[Try it] Starting at the line below with "with a meal. |" and stopping at the line with "Moss Agate is", please print each line exactly, those two included, and skip every picture.

########################################

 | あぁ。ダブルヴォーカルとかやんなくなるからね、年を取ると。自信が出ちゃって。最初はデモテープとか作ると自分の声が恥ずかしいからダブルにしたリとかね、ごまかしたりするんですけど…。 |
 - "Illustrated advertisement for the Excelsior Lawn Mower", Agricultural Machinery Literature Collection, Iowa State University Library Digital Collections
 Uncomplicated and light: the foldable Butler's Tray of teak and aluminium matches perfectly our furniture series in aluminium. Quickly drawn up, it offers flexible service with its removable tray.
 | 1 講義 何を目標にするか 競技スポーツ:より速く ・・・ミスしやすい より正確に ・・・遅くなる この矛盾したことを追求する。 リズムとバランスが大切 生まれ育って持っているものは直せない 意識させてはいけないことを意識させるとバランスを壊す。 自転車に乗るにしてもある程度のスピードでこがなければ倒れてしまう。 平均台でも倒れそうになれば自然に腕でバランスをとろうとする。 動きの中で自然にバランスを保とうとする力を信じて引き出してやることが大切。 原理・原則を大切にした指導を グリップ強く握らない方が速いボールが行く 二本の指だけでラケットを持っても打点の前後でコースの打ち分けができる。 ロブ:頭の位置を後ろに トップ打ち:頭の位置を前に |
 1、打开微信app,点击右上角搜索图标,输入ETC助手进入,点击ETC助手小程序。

########################################

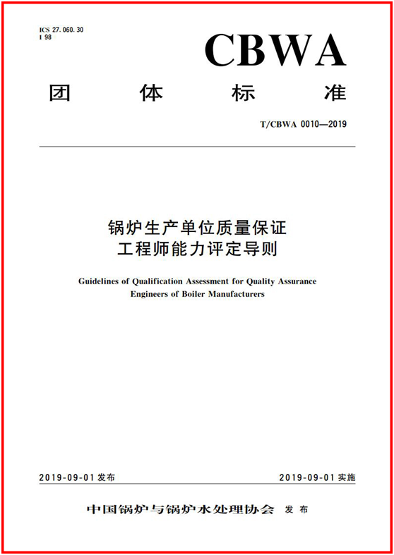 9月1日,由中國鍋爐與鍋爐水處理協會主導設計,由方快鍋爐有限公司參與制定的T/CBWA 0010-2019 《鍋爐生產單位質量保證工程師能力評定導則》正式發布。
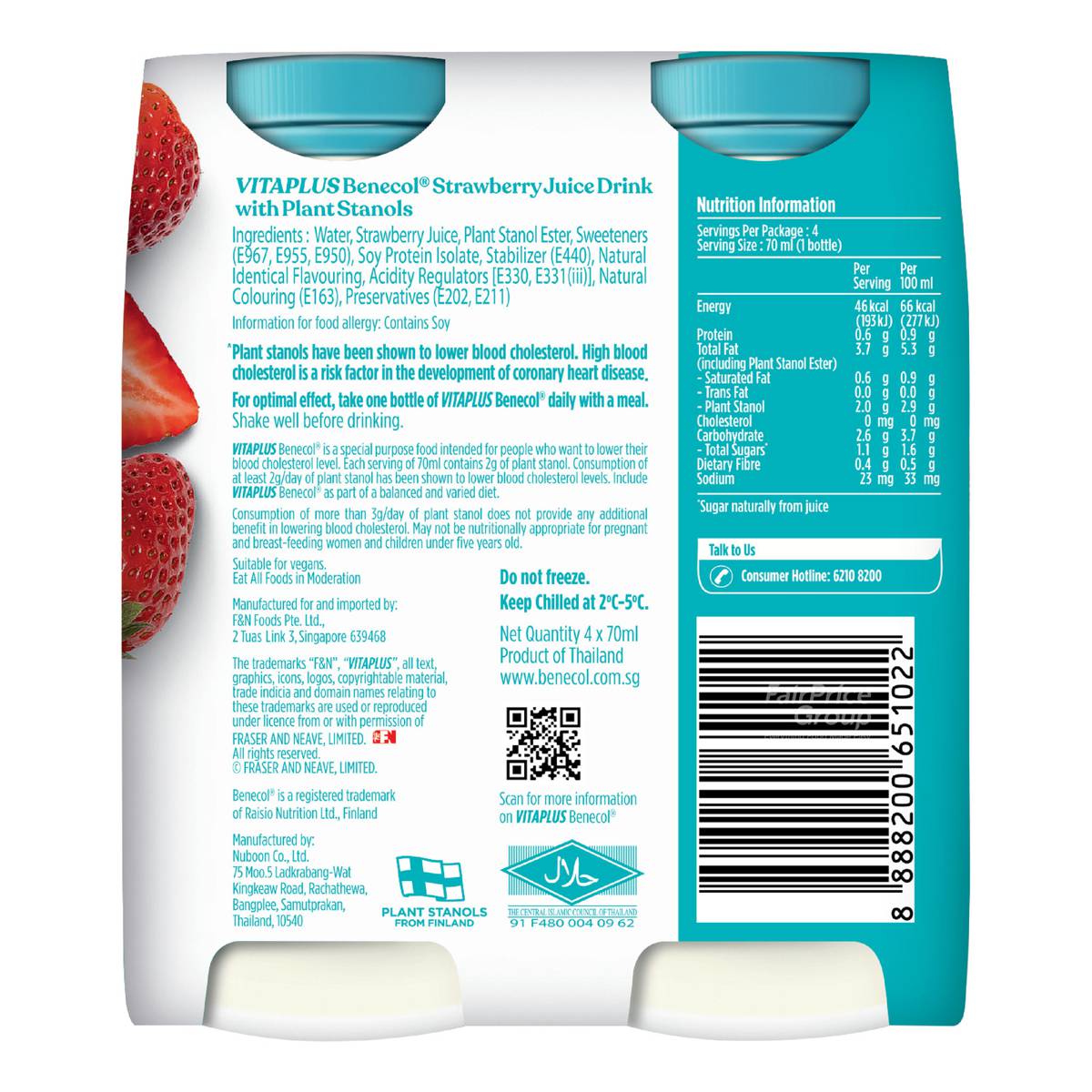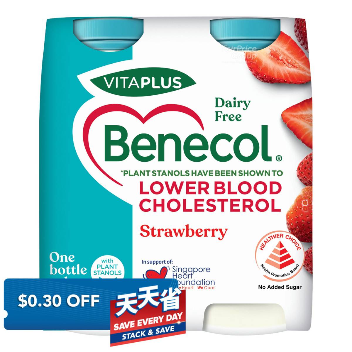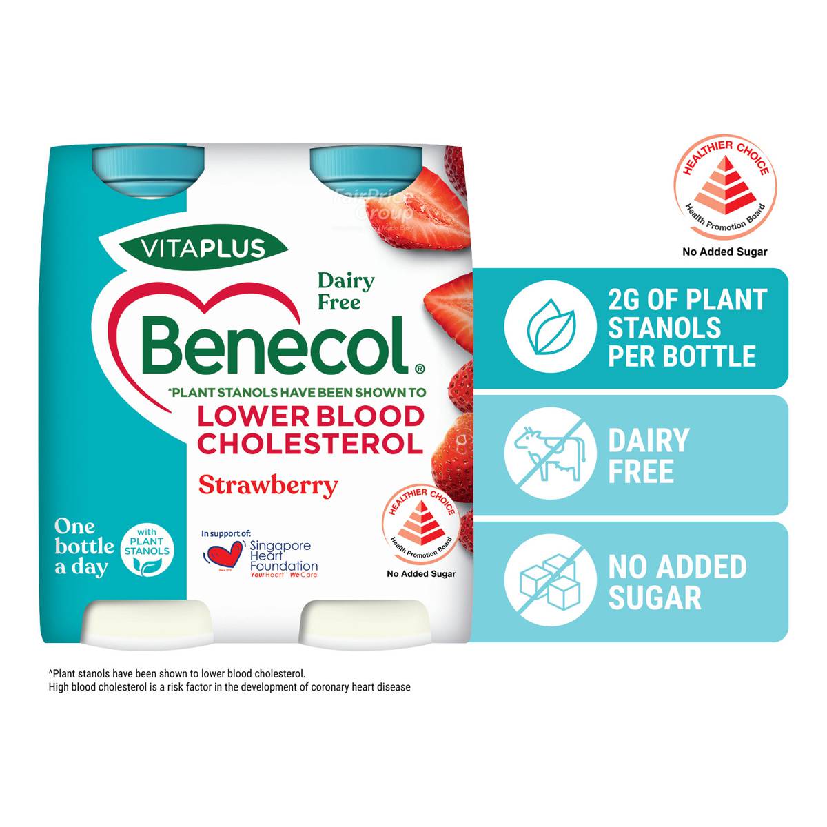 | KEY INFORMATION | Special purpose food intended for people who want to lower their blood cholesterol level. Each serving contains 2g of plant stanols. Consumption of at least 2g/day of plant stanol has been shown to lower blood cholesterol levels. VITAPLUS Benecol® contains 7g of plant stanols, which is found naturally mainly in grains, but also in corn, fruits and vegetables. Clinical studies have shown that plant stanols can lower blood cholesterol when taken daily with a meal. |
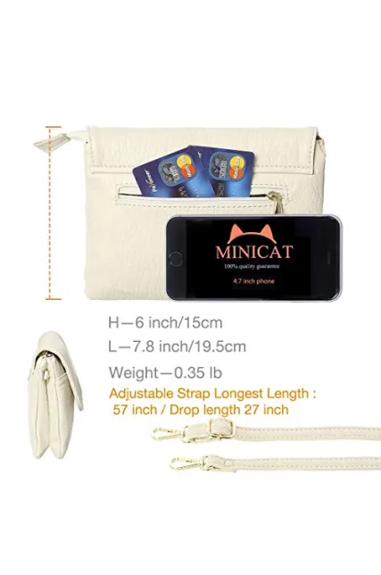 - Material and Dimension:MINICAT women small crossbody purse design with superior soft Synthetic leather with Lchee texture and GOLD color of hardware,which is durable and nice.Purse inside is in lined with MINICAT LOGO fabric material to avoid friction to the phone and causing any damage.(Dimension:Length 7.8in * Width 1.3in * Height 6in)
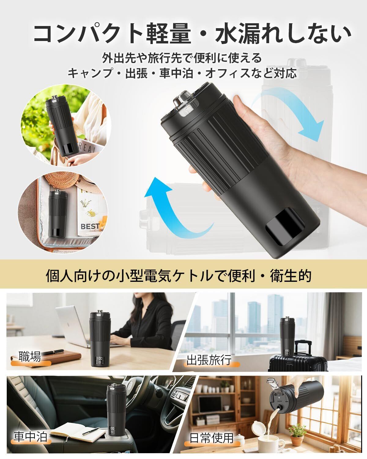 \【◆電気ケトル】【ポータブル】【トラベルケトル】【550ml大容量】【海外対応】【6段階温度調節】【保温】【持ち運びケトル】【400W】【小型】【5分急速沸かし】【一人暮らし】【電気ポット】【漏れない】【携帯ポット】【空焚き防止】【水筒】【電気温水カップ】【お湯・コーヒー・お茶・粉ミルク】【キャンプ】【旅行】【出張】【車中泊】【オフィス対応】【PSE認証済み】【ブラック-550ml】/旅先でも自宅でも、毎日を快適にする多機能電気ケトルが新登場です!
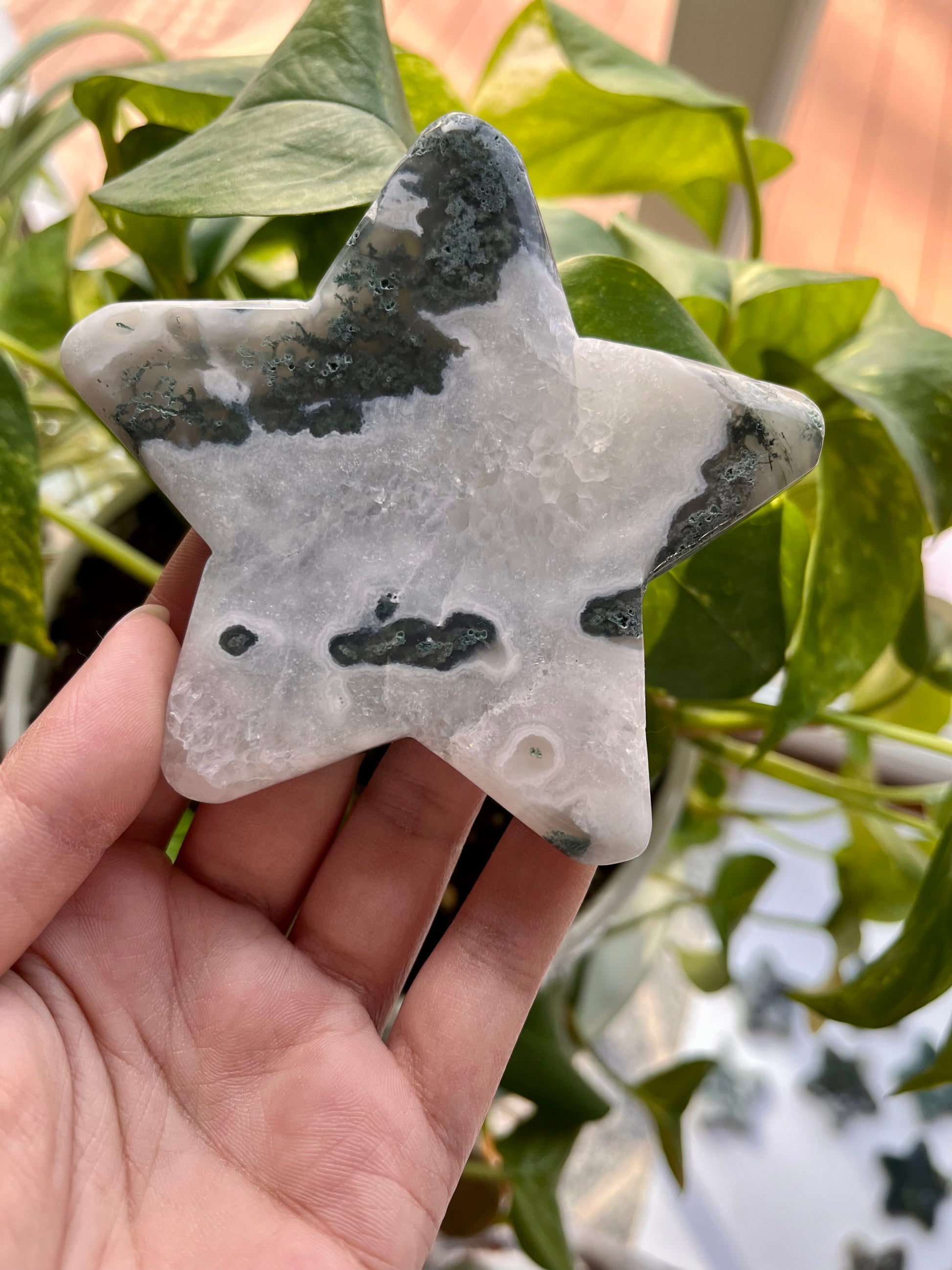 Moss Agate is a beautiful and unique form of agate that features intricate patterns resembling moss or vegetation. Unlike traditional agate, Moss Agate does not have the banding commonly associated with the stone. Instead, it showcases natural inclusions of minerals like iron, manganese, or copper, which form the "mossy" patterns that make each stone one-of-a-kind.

########################################

[Finished task]
 | KEY INFORMATION | Special purpose food intended for people who want to lower their blood cholesterol level. Each serving contains 2g of plant stanols. Consumption of at least 2g/day of plant stanol has been shown to lower blood cholesterol levels. VITAPLUS Benecol® contains 7g of plant stanols, which is found naturally mainly in grains, but also in corn, fruits and vegetables. Clinical studies have shown that plant stanols can lower blood cholesterol when taken daily with a meal. |
 - Material and Dimension:MINICAT women small crossbody purse design with superior soft Synthetic leather with Lchee texture and GOLD color of hardware,which is durable and nice.Purse inside is in lined with MINICAT LOGO fabric material to avoid friction to the phone and causing any damage.(Dimension:Length 7.8in * Width 1.3in * Height 6in)
 \【◆電気ケトル】【ポータブル】【トラベルケトル】【550ml大容量】【海外対応】【6段階温度調節】【保温】【持ち運びケトル】【400W】【小型】【5分急速沸かし】【一人暮らし】【電気ポット】【漏れない】【携帯ポット】【空焚き防止】【水筒】【電気温水カップ】【お湯・コーヒー・お茶・粉ミルク】【キャンプ】【旅行】【出張】【車中泊】【オフィス対応】【PSE認証済み】【ブラック-550ml】/旅先でも自宅でも、毎日を快適にする多機能電気ケトルが新登場です!
 Moss Agate is a beautiful and unique form of agate that features intricate patterns resembling moss or vegetation. Unlike traditional agate, Moss Agate does not have the banding commonly associated with the stone. Instead, it showcases natural inclusions of minerals like iron, manganese, or copper, which form the "mossy" patterns that make each stone one-of-a-kind.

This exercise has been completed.